A China disse no domingo (25) ter conduzido manobras militares em torno de Taiwan em resposta às provocações de Taipé e de Washington, cita a agência britânica Reuters.
O Comando do Teatro Oriental do Exército de Libertação Popular (ELP) da China relatou ter realizado "patrulhas conjuntas de prontidão de combate e exercícios conjuntos de ataque com poder de fogo" em torno da ilha autogovernada.
"Esta é uma resposta resoluta à atual escalada de conluio e provocação dos Estados Unidos e Taiwan. As forças do teatro tomarão todas as medidas necessárias para defender resolutamente a soberania nacional e a integridade territorial", avaliou.
Já Taipé acusou Pequim de estar destruindo a paz regional.
As Forças Armadas da China intensificaram nos últimos anos as ações em torno de Taiwan, e especialmente após a visita em agosto a Taiwan de Nancy Pelosi, presidente da Câmara dos Representantes dos EUA.

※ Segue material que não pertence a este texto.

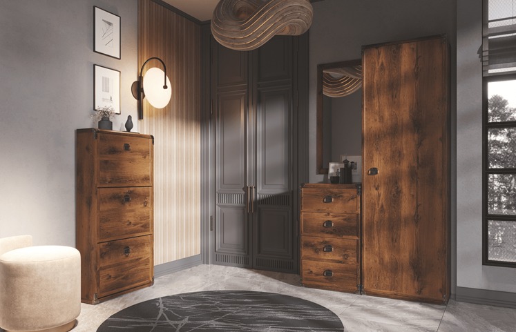 Нетривиальное сочетание классики и скандинавских мотивов в графитовом исполнении. Материал: ЛДСП, МДФ.

O território autogovernado de Taiwan se formou após as forças de Chiang Kai-Shek terem fugido para a ilha em 1949, enquanto a República Popular da China (RPC) foi proclamada nesse ano no continente. A ONU reconheceu inicialmente Taipé como único representante da China, mas em 1971 a posição mundial mudou a favor de Pequim.
Em resposta, durante a década de 1970 os EUA, que têm apoiado militarmente a ilha, também reconheceram o governo da RPC como representante legítimo da China, mas passaram em 1979 a Lei das Relações de Taiwan, que rege as relações não oficiais de Washington com o território, adotando uma "ambiguidade estratégica".
Pequim nunca reconheceu a independência de Taipé, declara que um dia ela se reunificará com o país inteiro, e insta Washington a implementar na prática a política de Uma Só China e os Três Comunicados Conjuntos com os EUA, em vez de armar Taiwan.